Dr. Samuel C. Collins, Professor Emeritus of the Massachusetts Institute of Technology, internationally known as the father of practical helium liquefiers and founder of the MIT Cryogenic Engineering Laboratory, died on June 19, 1984 in George Washington University Hospital, Washington, DC.
In 1946, Dr. Collins and his colleagues at MIT built what became know as the Collins Helium Cryostat. The device provided for the first time reliable, relatively in expensive and adequate supplies of liquid helium. His invention was of great interest to physicists because it opened the door to extensive experimental low-temperature physics.
The device conceived by Professor Collins was simple in design, consisting of a two-cylinder engine with the cylinders arranged so that the cold exhaust of one cools the intake gas of the other. This makes it possible to produce liquid helium without the aid of external coolants.
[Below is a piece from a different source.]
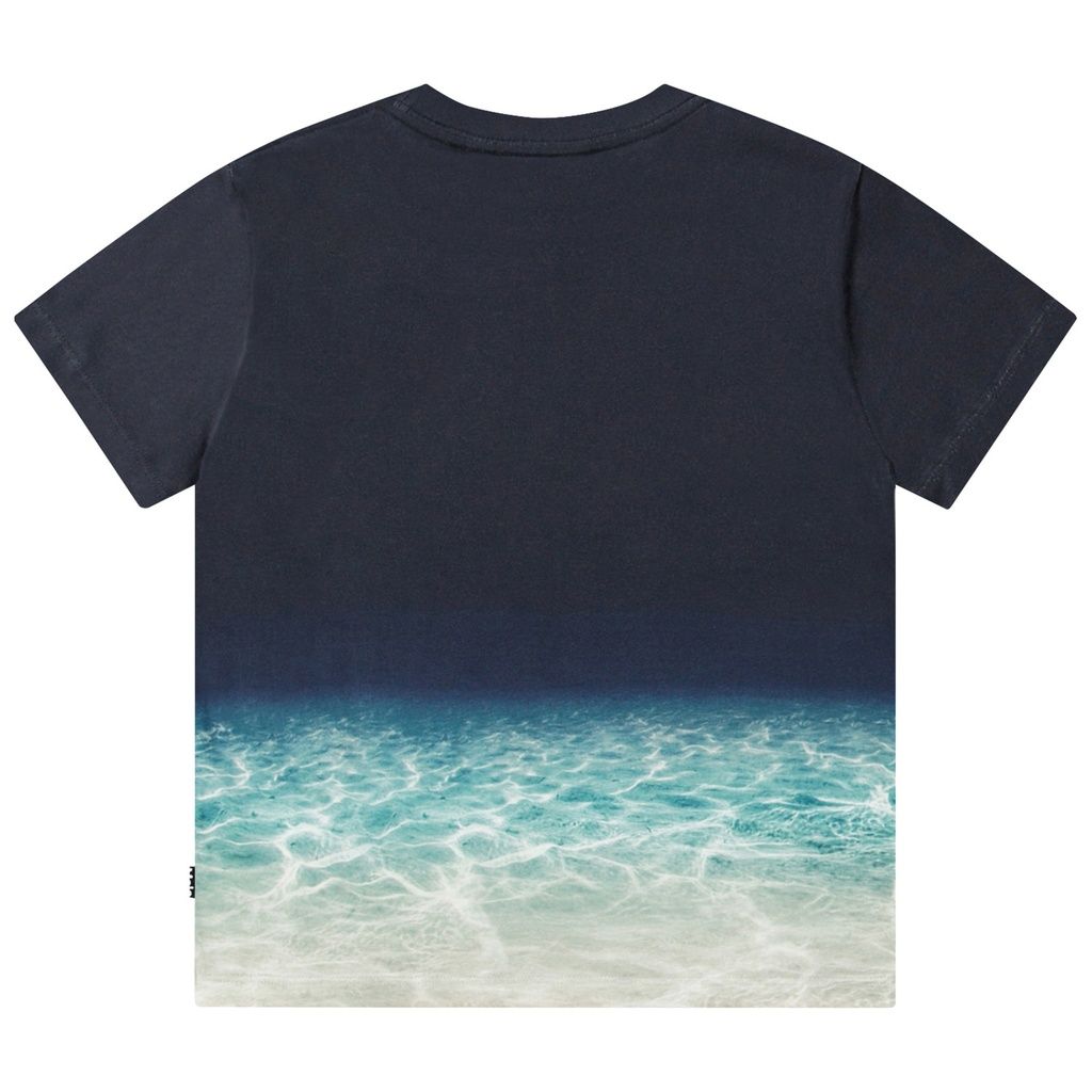 Dunkelblaues T-Shirt aus Öko-Baumwolle mit kurzen Ärmeln und geripptem Ausschnitt. Das T-Shirt hat eine lockere Passform und einen Aufdruck eines Haies im Meer.

Professor Collins' achievement revolutionized cryogenics. Before the Collins Helium Cryostat, every low-temperature laboratory had to build its own low-temperature apparatus using liquid hydrogen, a devious and dangerous material. Because every device was unique and expensive, there were only a few cryogenic laboratories throughout the world. The Collins Cryostat was mass-produced by Arthur D. Little, Inc., and by the mid-1960s, there were 250 of them at work in laboratories throughout the world. Professor Collins established the Cryogenic Engineering Laboratory at MIT in 1949 and was the key figure in its research for many years.
Dr. Howard O. McMahon, a colleague both at MIT and A.D. Little, said that Professor Collins "made the practice of the science of cryogenics possible in many universities." It became possible for a university to buy a liquefier for $2000 and they were in business. "He was a wonderful man, extremely modest. His ears would be burning if he could hear me. But he was beloved by everyone who met him, students especially."
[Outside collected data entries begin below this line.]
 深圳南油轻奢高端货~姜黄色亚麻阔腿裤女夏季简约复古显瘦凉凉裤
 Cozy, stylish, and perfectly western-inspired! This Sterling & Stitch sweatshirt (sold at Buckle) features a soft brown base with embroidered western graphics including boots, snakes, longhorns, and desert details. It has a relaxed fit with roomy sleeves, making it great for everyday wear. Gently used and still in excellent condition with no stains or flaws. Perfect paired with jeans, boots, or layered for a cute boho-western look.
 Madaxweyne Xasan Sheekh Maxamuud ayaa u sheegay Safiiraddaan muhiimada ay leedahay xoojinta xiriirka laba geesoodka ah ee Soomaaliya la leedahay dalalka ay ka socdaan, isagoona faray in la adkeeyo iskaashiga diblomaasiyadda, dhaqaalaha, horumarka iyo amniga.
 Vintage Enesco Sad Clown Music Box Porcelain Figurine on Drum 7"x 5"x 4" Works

Professor Collins was also known for developing - in collaboration with Dr. Ernest M. Barsamian, a surgeon at the Veterans Hospital in West Roxbury, a suburb of Boston - a compact heart-lung machine. The device, completed in 1964, was small enough to fit into the trunk of a car. Machines in use then were desk size and required several hours to set up. Professor Collins' machine could be placed in service quickly and needed only one quart of blood to begin operating. His development made it possible to use heart-lung machines at accident scenes, in ambulances, or during military operations.
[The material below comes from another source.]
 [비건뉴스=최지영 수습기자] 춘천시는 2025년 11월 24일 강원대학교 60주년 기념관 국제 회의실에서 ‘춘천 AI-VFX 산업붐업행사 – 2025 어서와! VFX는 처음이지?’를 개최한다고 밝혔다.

Dr. Collins was born on September 28, 1898, in Democrat, Kentucky. He received bachelor's and master's degrees fro the University of Tennessee in 1920 and 1924 and the Ph.D. in 1927 from the University of North Carolina.
He taught at Carson-Newman College, the University of Tennessee, Tennessee State Teachers College, and the University of North Carolina before joining MIT in 1930 as a research associate in physical chemistry. He was in the Department of Chemistry until World War II. During the war, he developed an airborne oxygen generator, which was the first use of the reversing heat exchanger process for air separation and high purity oxygen production. After the war, he joined the Department of Mechanical Engineering and was promoted to professor in 1949.
Among his many honors were the 1951 Wethrill Medal of the Franklin Institute in Philadelphia; the 1958 Kamerlingh Onnes Gold Medal of Dutch Science; the Rumford Medal of the American Academy of Arts and Sciences, awarded in 1965; and the gold medal of the American Society of Mechanical Engineers, presented in 1968. He was a fellow of the American Academy of Arts and Sciences and was made a fellow of the National Academy of Sciences in 1969. He was the first recipient, in 1965, of the special award established by the Cryogenic Engineering Conference in his honor, the Samuel C. Collins Award, for outstanding contributions to Cryogenic Technology. Dr. Collins held honorary degrees fro the University of North Carolina and St. Andrews University, Scotland.
He is survived by his wife, who lives in Washington, DC. Professor Collins was buried in Tennessee.